“The Royal New Zealand College of General Practitioners (RNZCGP) needs to get with the programme. It’s called Smokefree Aotearoa 2025,” says Nancy Loucas, Executive Coordinator of CAPHRA (Coalition of Asia Pacific Tobacco Harm Reduction Advocates).
Her comments follow the RNZCGP pushing for vapes to be restricted to pharmacies or available through Quitline, like nicotine patches.
“If we medicalise vaping, like Australia has, 5,000 Kiwis would continue to die of smoking-related illnesses and we’d fail to reach Smokefree 2025. New Zealand’s Parliament and Ministry of Health have literally just gone through years of investigating, legislating and regulating vaping. Restricted retail access is where we landed,” says Ms Loucas.
She says Australia’s Therapeutic Goods Administration can get all heavy handed with vaping but all they’re doing is stalling Australian smokers from quitting the “cancer sticks”.
“The RNZCGP needs to follow the science and the anecdotal evidence. Instead, they seem to be listening too much to the increasingly discredited World Health Organisation and its anti-vaping campaign which is costing millions of smokers’ lives around the world,” she says.
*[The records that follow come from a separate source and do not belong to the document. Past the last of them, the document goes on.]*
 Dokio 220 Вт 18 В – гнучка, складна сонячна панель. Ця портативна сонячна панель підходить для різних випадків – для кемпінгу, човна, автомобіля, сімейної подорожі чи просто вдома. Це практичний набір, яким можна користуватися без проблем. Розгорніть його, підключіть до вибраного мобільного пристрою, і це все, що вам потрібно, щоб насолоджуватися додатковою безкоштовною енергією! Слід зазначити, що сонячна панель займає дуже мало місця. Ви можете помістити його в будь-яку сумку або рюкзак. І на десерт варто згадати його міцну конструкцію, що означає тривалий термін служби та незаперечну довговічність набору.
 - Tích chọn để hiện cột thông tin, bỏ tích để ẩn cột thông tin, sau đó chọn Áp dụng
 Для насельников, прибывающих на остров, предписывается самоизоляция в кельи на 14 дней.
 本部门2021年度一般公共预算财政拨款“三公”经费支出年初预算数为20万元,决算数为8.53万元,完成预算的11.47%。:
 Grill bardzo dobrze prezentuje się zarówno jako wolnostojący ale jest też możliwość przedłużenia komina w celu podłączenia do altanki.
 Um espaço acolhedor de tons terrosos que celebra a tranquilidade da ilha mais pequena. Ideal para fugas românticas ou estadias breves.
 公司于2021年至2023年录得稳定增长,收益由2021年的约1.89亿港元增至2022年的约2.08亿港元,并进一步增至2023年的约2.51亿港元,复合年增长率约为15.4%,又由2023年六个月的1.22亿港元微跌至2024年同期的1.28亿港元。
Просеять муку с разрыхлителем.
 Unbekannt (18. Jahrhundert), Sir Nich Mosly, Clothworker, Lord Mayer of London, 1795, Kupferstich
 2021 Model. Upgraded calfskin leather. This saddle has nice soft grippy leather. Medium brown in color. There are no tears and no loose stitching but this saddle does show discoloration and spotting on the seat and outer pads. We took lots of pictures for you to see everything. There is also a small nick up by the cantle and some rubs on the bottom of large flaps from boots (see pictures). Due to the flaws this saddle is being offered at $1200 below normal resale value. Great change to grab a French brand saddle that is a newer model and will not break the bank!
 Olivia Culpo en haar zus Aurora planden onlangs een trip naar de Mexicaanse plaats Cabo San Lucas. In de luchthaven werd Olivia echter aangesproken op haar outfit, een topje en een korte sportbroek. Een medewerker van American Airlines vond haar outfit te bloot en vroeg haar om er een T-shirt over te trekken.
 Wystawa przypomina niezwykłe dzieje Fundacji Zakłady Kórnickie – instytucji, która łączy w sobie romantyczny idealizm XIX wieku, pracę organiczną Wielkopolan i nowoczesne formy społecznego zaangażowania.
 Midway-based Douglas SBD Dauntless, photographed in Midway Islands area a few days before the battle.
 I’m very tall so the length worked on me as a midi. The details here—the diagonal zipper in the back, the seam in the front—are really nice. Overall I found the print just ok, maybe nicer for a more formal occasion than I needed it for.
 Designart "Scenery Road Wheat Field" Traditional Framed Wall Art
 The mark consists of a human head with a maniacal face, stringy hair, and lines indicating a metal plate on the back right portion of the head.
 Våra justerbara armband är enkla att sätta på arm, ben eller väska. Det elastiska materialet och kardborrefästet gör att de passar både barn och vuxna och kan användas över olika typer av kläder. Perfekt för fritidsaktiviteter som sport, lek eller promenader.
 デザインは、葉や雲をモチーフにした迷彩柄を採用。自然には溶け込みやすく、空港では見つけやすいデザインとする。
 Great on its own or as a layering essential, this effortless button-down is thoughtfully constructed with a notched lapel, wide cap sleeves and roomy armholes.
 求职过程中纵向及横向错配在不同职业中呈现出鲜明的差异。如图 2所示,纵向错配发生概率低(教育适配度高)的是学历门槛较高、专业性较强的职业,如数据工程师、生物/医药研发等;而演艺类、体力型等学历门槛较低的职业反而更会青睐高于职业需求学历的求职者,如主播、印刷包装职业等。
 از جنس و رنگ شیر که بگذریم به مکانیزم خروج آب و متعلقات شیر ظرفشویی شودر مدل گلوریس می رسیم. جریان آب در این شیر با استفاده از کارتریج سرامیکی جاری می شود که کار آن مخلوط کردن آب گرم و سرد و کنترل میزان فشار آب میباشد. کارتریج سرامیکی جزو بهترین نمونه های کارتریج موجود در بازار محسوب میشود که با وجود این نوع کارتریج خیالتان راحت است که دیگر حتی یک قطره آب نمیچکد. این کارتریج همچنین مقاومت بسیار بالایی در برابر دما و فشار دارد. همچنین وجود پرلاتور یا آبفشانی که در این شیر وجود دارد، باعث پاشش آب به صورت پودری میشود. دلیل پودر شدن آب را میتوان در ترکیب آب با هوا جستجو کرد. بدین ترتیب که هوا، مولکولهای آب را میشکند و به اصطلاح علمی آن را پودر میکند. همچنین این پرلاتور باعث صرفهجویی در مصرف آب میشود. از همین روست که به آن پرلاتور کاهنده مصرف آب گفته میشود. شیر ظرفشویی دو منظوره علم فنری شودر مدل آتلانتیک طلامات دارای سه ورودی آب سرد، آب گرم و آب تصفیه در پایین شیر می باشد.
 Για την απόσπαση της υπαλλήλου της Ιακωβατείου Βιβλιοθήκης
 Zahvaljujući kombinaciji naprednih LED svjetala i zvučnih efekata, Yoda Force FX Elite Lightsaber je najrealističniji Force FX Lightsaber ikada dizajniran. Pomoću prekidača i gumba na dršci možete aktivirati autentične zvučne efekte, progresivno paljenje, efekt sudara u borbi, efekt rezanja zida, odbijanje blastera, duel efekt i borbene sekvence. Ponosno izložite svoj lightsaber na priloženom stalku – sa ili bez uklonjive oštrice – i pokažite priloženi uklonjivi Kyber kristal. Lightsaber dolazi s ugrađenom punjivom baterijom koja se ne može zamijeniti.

CAPHRA says RNZCGP can do its best to muddy the waters around vaping but in reality over 70 countries have now legalised and regulated safer nicotine products with considerable success.
New Zealand’s THR strategy is working well. Last year, it was revealed that New Zealand’s smoking rate had fallen to an historic low of 8% of adults smoking daily. It has more than halved in the past decade.
The smokefree advocate says New Zealand’s success is highlighted by the fact that Dr Ayesha Verrall was recently appointed as New Zealand’s Health Minister. The news was viewed positively for the country’s collective effort to achieve Smokefree Aotearoa 2025
“Dr Verrall understands better than anyone that to eradicate the harm from combustible tobacco, viable safer nicotine products must be available for smokers to successfully make the switch. Well policed restrictions are the answer, not medicalisation,” says Ms Loucas.
As for University of Otago’s harping that vaping was being heavily marketed at young New Zealanders, Ms Loucas says vaping products come with a strictly enforced R18 purchase age. Further, all advertising, marketing and sponsorship activity has been banned, with packaging and displays heavily restricted.
She says thankfully Dr Verrall has stayed staunch and kept her eye on the prize. She has not tried to relitigate the 2020 vaping legislation despite pressure from lobby groups.
“New Zealand’s focus must remain 100% on combustible tobacco – the real scourge and killer in our society,” says Ms Loucas.
CAPHRA points to Dr Verrall’s comments last year, when she reiterated the importance of providing Kiwi adults’ access to safer nicotine products: ‘We need to continue supporting people who smoke tobacco to successfully switch to less harmful products,’ said the then Associate Health Minister.
“New Zealanders are on totally onboard with their nation’s 12-year-long smokefree goal. The Ministry of Health openly views vaping as key to achieving that, as does the Minister. It’s time the RNZCGP got up with the programme,” says Nancy Loucas.